▶ EXERCISE REQUIREMENTS: Would you write out the listing verbatim and skip every picture in it?

Start of INFORMATION SHOWN

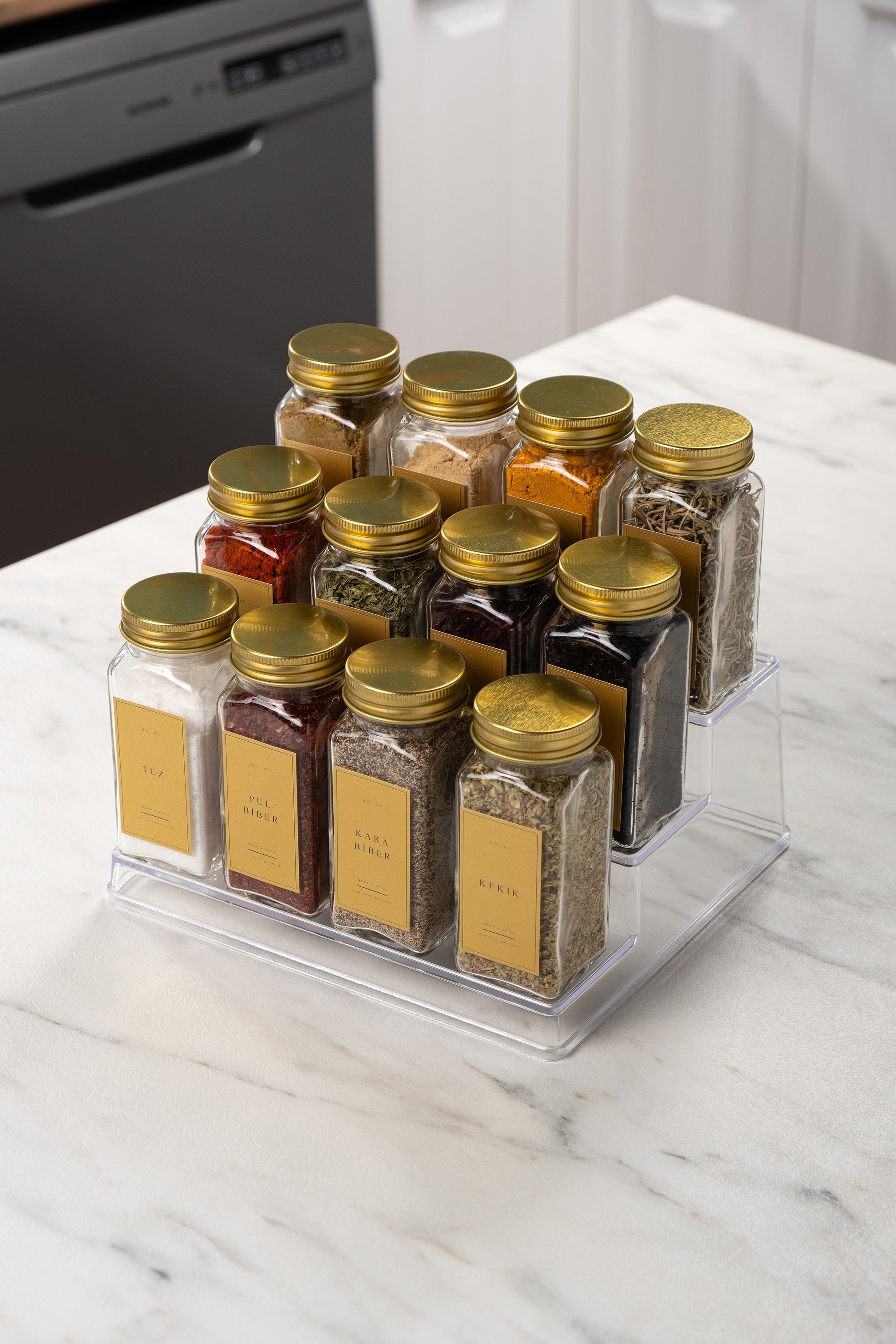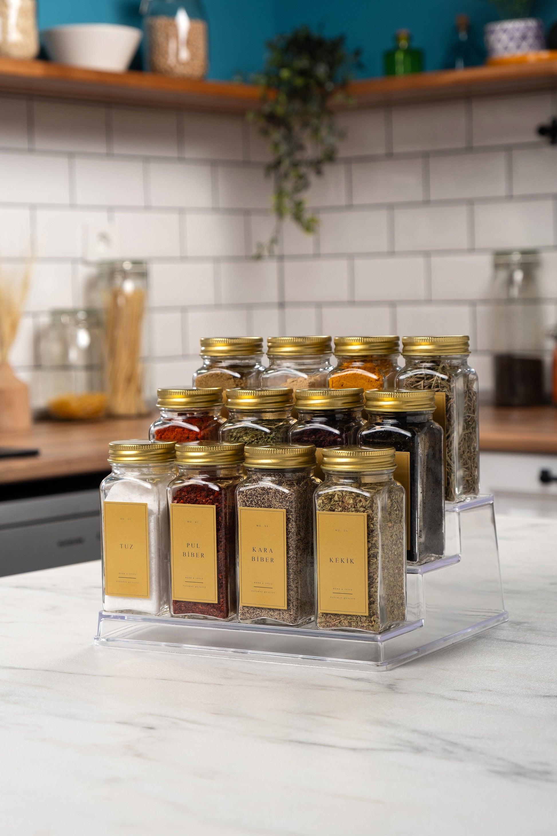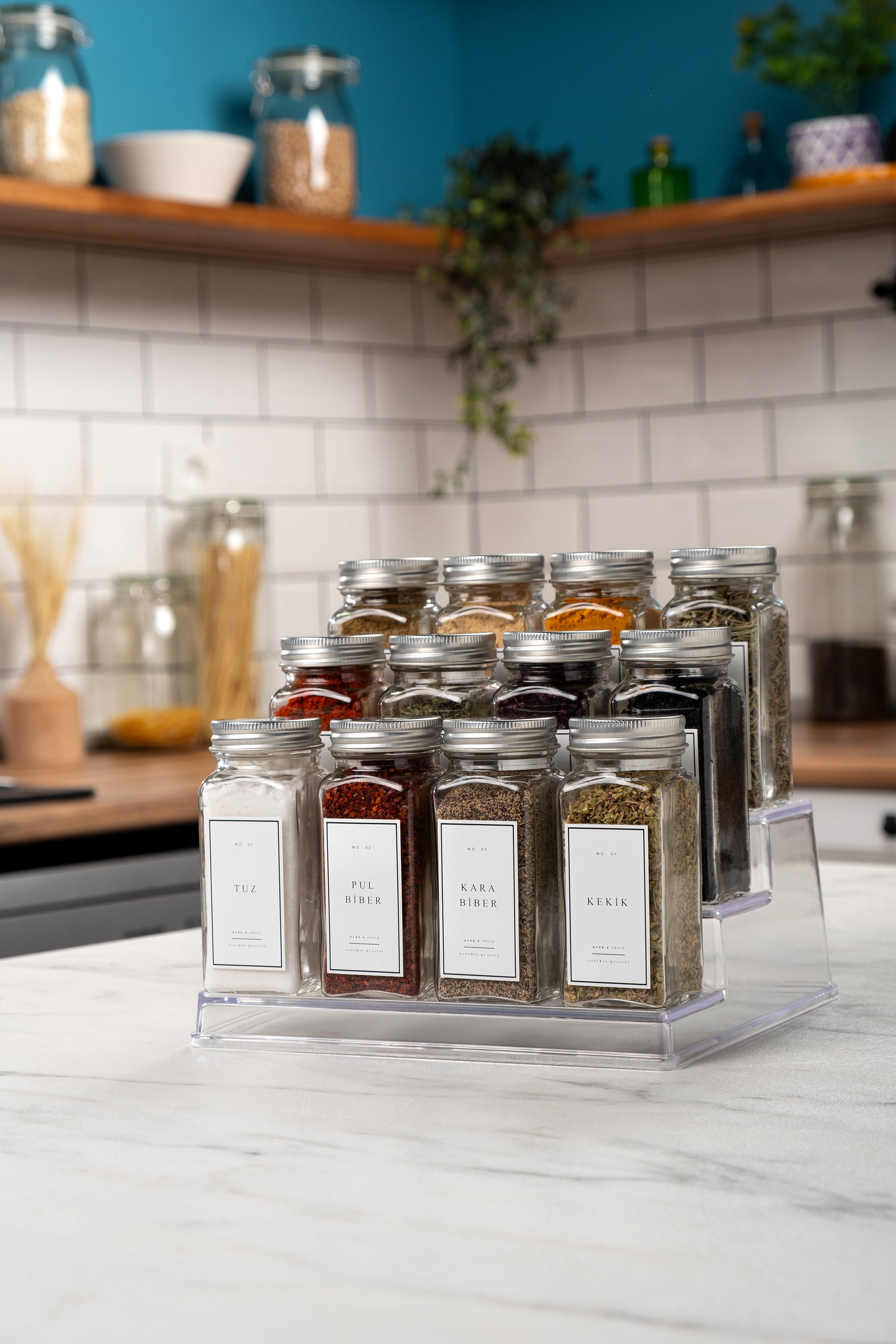 Baharatlık üzerindeki ve kapaktaki etiketler sayesinde üstten veya önden hızlı bir genel bakış imkanı sunarak baharatlarınızı kolayca bulmanızı sağlar.
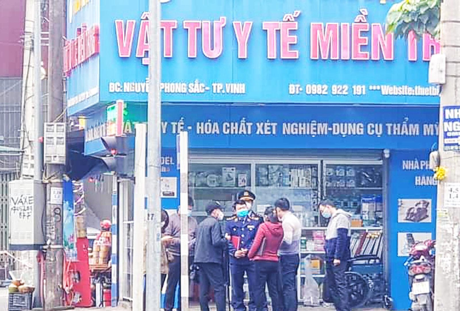 Điển hình, ngày 14/2/2022, đoàn kiểm tra của Sở Y tế phối hợp cùng lực lượng quản lý thị trường (QLTT) tỉnh tiến hành kiểm tra cửa hàng kinh doanh thiết bị y tế của một đại lý trên đường Nguyễn Phong Sắc, TP Vinh. Cửa hàng này kinh doanh theo giấy phép với các ngành nghề: Thiết bị vật tư y tế, bảo hộ lao động, hóa chất công nghiệp, dịch vụ phun thuốc công nghiệp. Đây là các mặt hàng kinh doanh thiết bị vật tư y tế, hóa chất công nghiệp thuộc nhóm ngành nghề kinh doanh có điều kiện.
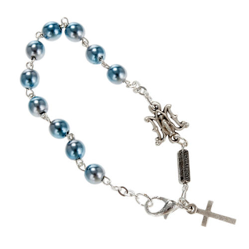 Pulseira dezena Ghirelli vidro Boémia azul mariano. Pulseira dezena Ghirelli com contas em vidro de Boémia verdadeiro e símbolo mariano em latão prateado.
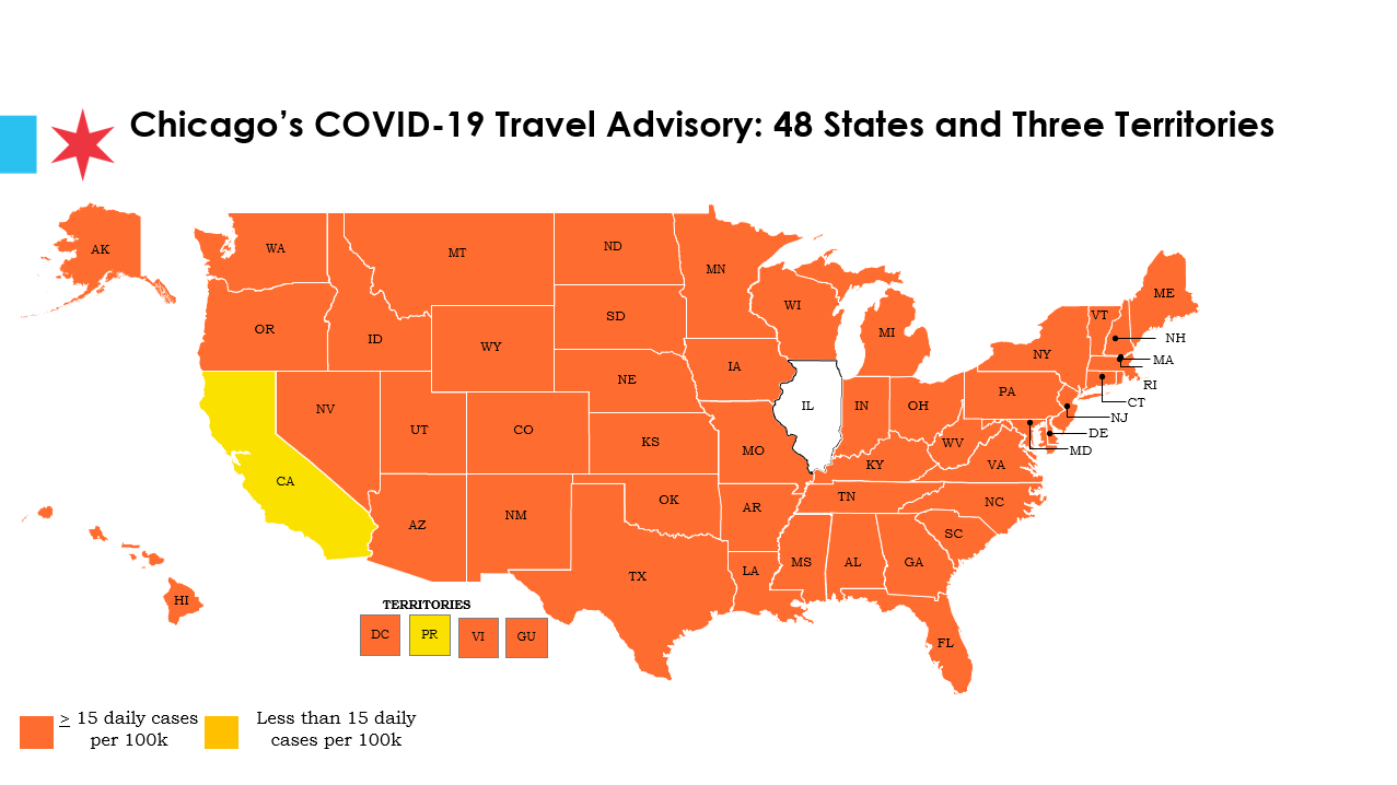 Za bezpieczne do podróżowania uznano Kalifornię i Portoryko. W ubiegłym tygodniu do tego grona dołączono Dystrykt Kolumbia i Connecticut. Za stany o podwyższonym ryzyku zakażenia uznaje się te, w których dzienna liczba zakażeń przekracza 15 na 100 tysięcy mieszkańców. Obecnie w skali całego kraju wynosi ona dziennie 38 na 100 tysięcy mieszkańców. Władze Chicago zalecają osobom po powrocie z „pomarańczowych rejonów” dobrowolną kwarantannę i poddanie się testowi na obecność koronawirusa. Na liście stanów i rejonów zależnych o podwyższonym ryzyku zakażenia COVID-19 są: Alabama, Alaska, Arizona, Arkansas, Connecticut, Kolorado, Delaware, Floryda, Georgia, Hawaje, Idaho, Indiana, Iowa, Kansas, Kentucky, Luizjana, Maine, Maryland, Massachusetts, Michigan, Minnesota, Mississippi, Missouri, Montana, Nebraska, Nevada, New Jersey, New Hampshire, Nowy Meksyk, Nowy Jork, Karolina Północna, Dakota Północna, Ohio, Oklahoma, Oregon, Pensylwania, Rhode Island, Karolina Południowa ,Dakota Południowa, Tennessee, Teksas, Utah, Vermont, Wirginia, Washington, Wirginia Zachodnia , Wisconsin, Wyoming, Guam i Wyspy Dziewicze.

End of INFORMATION SHOWN

▶ OUTPUT FOR THIS EXERCISE:
 Baharatlık üzerindeki ve kapaktaki etiketler sayesinde üstten veya önden hızlı bir genel bakış imkanı sunarak baharatlarınızı kolayca bulmanızı sağlar.
 Điển hình, ngày 14/2/2022, đoàn kiểm tra của Sở Y tế phối hợp cùng lực lượng quản lý thị trường (QLTT) tỉnh tiến hành kiểm tra cửa hàng kinh doanh thiết bị y tế của một đại lý trên đường Nguyễn Phong Sắc, TP Vinh. Cửa hàng này kinh doanh theo giấy phép với các ngành nghề: Thiết bị vật tư y tế, bảo hộ lao động, hóa chất công nghiệp, dịch vụ phun thuốc công nghiệp. Đây là các mặt hàng kinh doanh thiết bị vật tư y tế, hóa chất công nghiệp thuộc nhóm ngành nghề kinh doanh có điều kiện.
 Pulseira dezena Ghirelli vidro Boémia azul mariano. Pulseira dezena Ghirelli com contas em vidro de Boémia verdadeiro e símbolo mariano em latão prateado.
 Za bezpieczne do podróżowania uznano Kalifornię i Portoryko. W ubiegłym tygodniu do tego grona dołączono Dystrykt Kolumbia i Connecticut. Za stany o podwyższonym ryzyku zakażenia uznaje się te, w których dzienna liczba zakażeń przekracza 15 na 100 tysięcy mieszkańców. Obecnie w skali całego kraju wynosi ona dziennie 38 na 100 tysięcy mieszkańców. Władze Chicago zalecają osobom po powrocie z „pomarańczowych rejonów” dobrowolną kwarantannę i poddanie się testowi na obecność koronawirusa. Na liście stanów i rejonów zależnych o podwyższonym ryzyku zakażenia COVID-19 są: Alabama, Alaska, Arizona, Arkansas, Connecticut, Kolorado, Delaware, Floryda, Georgia, Hawaje, Idaho, Indiana, Iowa, Kansas, Kentucky, Luizjana, Maine, Maryland, Massachusetts, Michigan, Minnesota, Mississippi, Missouri, Montana, Nebraska, Nevada, New Jersey, New Hampshire, Nowy Meksyk, Nowy Jork, Karolina Północna, Dakota Północna, Ohio, Oklahoma, Oregon, Pensylwania, Rhode Island, Karolina Południowa ,Dakota Południowa, Tennessee, Teksas, Utah, Vermont, Wirginia, Washington, Wirginia Zachodnia , Wisconsin, Wyoming, Guam i Wyspy Dziewicze.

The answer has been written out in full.